== Your goal ==
Reproduce from the records below, with no pictures, exactly the lines between the one containing "diciembre 2023 | |" and the one containing "With a striking", inclusive.

== Records supplied ==
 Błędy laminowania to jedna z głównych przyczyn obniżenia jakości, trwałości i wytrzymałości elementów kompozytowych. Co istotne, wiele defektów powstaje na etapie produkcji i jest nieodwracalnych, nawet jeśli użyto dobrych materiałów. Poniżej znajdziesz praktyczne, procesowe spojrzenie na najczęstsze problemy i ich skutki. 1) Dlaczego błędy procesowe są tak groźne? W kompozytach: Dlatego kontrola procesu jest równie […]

==

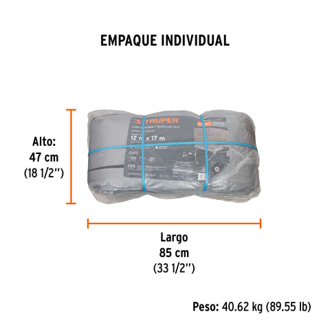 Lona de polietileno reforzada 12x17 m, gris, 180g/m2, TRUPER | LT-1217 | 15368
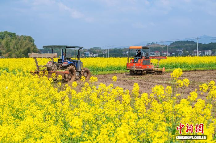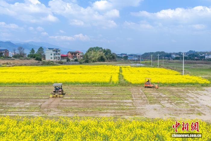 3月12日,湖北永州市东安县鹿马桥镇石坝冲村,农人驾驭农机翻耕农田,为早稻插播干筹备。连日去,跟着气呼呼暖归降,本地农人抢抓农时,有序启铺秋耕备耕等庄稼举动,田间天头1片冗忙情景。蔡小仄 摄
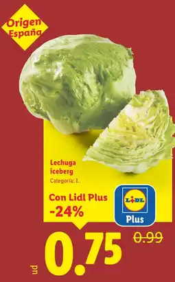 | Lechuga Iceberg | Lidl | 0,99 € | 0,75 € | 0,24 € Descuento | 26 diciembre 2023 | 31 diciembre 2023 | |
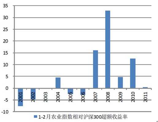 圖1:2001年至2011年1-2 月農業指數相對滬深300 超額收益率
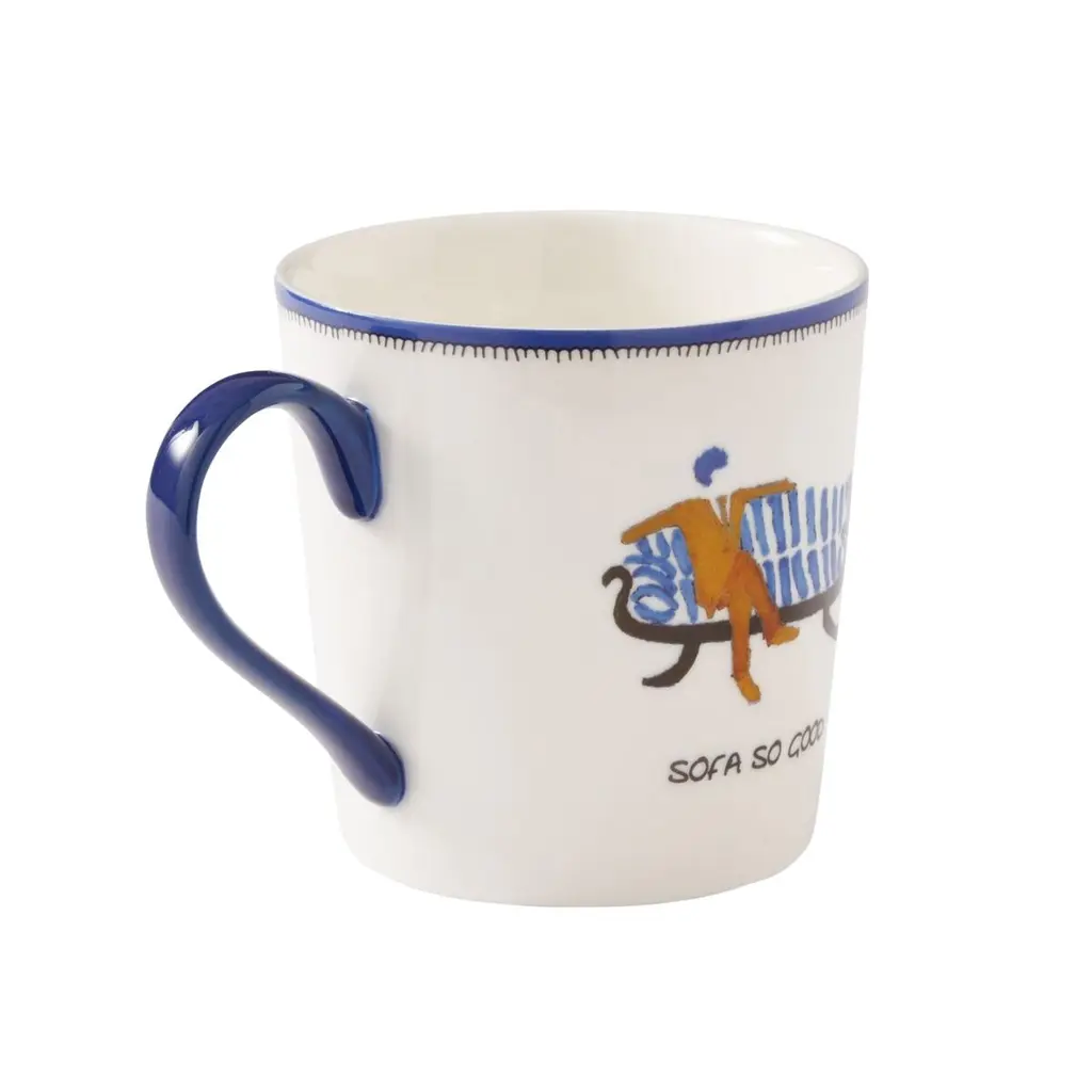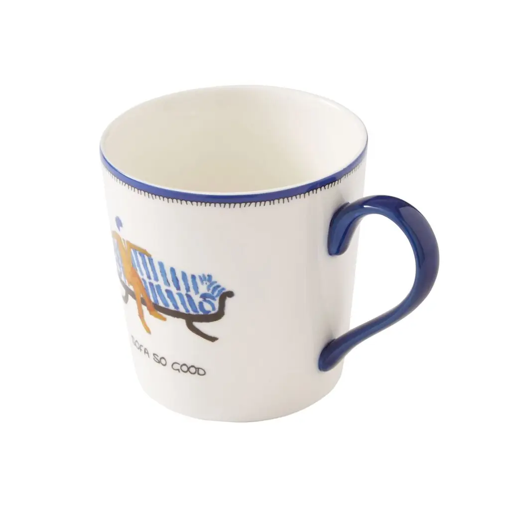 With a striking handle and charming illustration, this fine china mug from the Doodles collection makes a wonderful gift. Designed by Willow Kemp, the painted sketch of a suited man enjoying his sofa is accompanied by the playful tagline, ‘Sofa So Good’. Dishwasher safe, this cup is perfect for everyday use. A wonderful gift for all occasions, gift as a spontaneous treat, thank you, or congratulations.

== The completed task ==
 | Lechuga Iceberg | Lidl | 0,99 € | 0,75 € | 0,24 € Descuento | 26 diciembre 2023 | 31 diciembre 2023 | |
 圖1:2001年至2011年1-2 月農業指數相對滬深300 超額收益率
 With a striking handle and charming illustration, this fine china mug from the Doodles collection makes a wonderful gift. Designed by Willow Kemp, the painted sketch of a suited man enjoying his sofa is accompanied by the playful tagline, ‘Sofa So Good’. Dishwasher safe, this cup is perfect for everyday use. A wonderful gift for all occasions, gift as a spontaneous treat, thank you, or congratulations.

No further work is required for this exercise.